--- To do ---
The answer is to be the data that follows, transcribed exactly, minus its pictures.

--- Data section ---
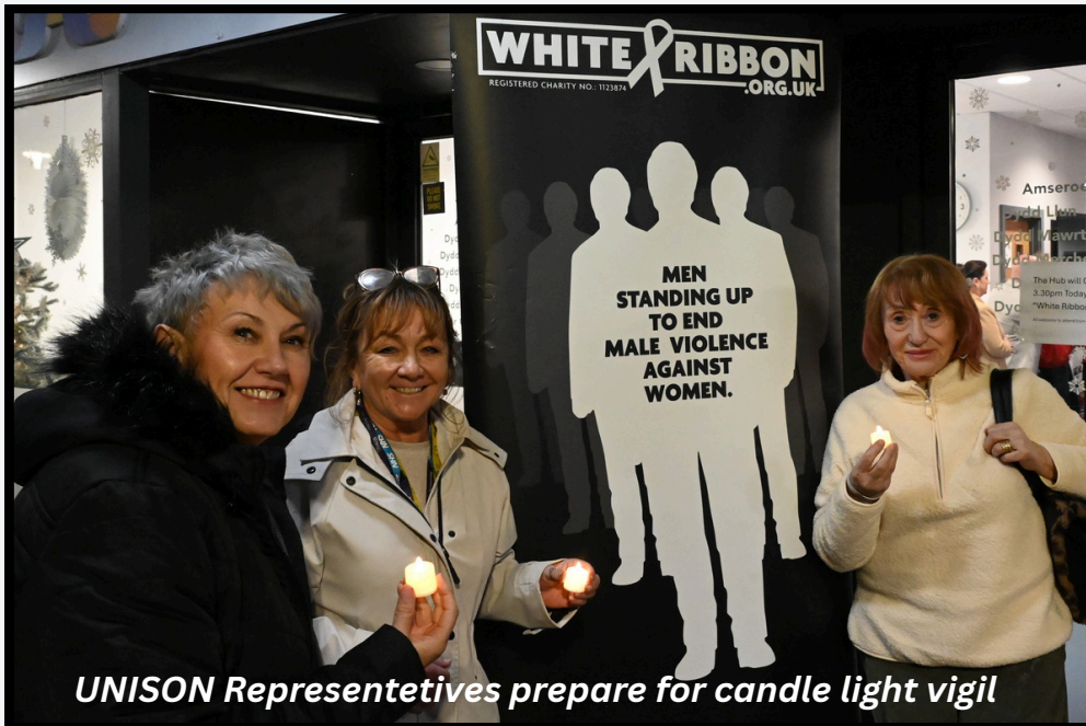
UNISON Representatives prepare for candle light vigil
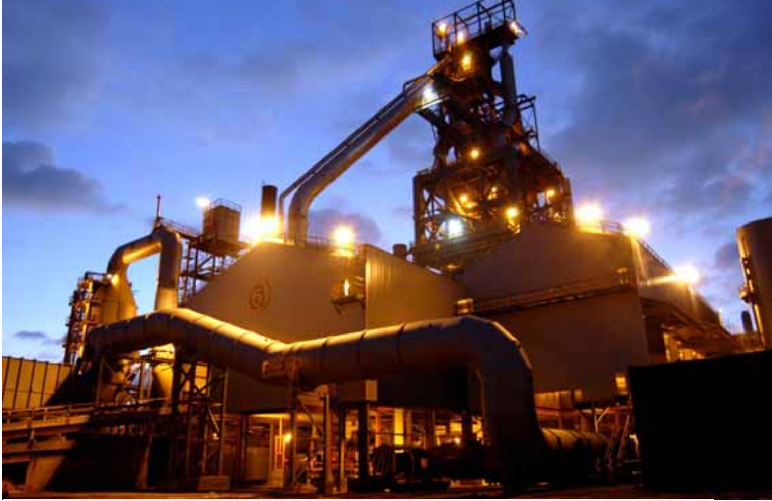
Blast Furnace Number 5 at Port Talbot, South Wales.

lished the “Greensteel” strategy. This aims to drastically slash the amount of raw material imported into Britain. To make that a reality, it proposes to dramatically increase our capacity to re-cycle scrap using electric arc technology powered by renewable energy.
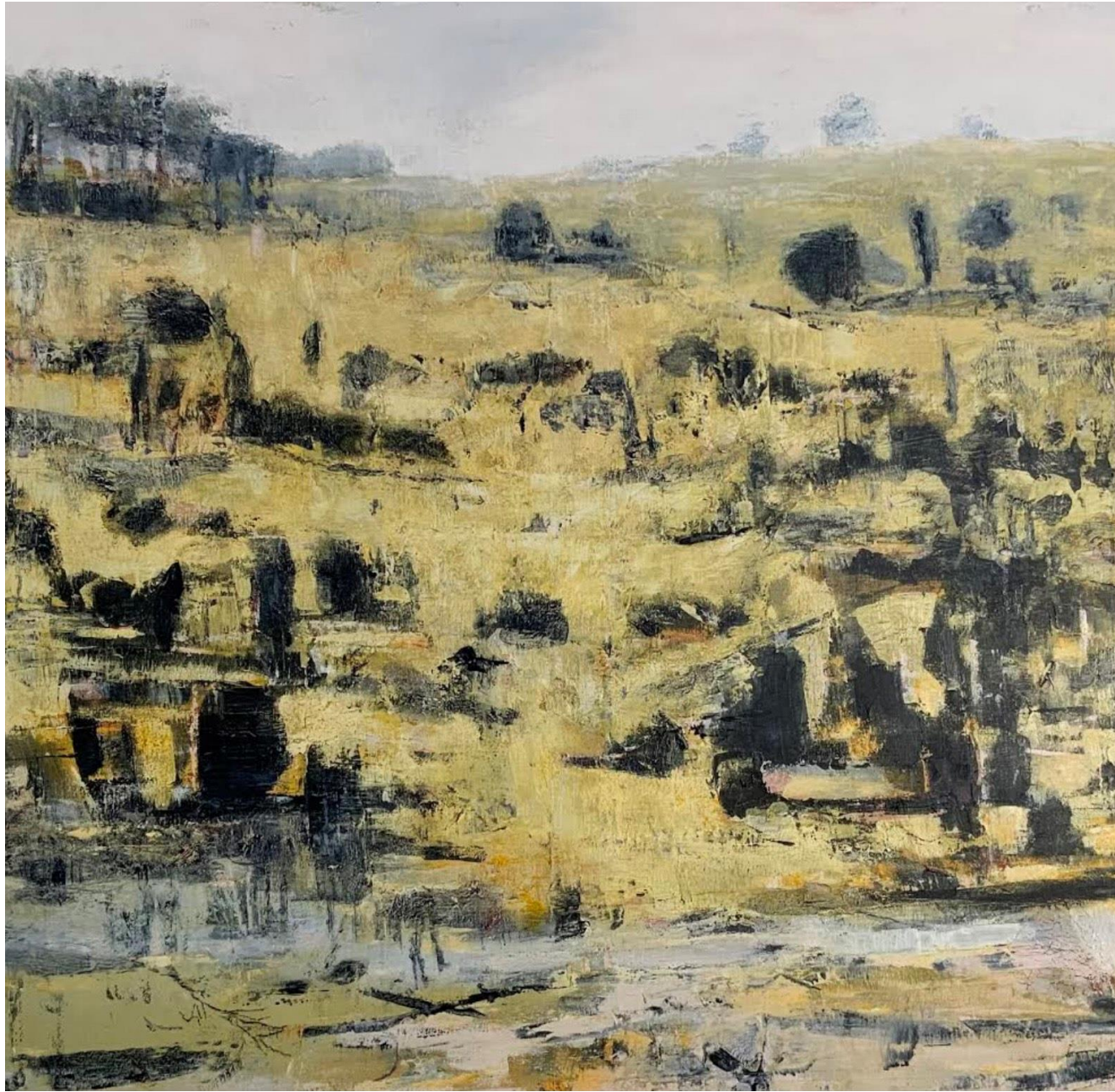
'Cloud Lifting' 2021; oil on linen, 120x120cm, $3,500

--- Result of this exercise ---
UNISON Representatives prepare for candle light vigil
Blast Furnace Number 5 at Port Talbot, South Wales.

lished the “Greensteel” strategy. This aims to drastically slash the amount of raw material imported into Britain. To make that a reality, it proposes to dramatically increase our capacity to re-cycle scrap using electric arc technology powered by renewable energy.
'Cloud Lifting' 2021; oil on linen, 120x120cm, $3,500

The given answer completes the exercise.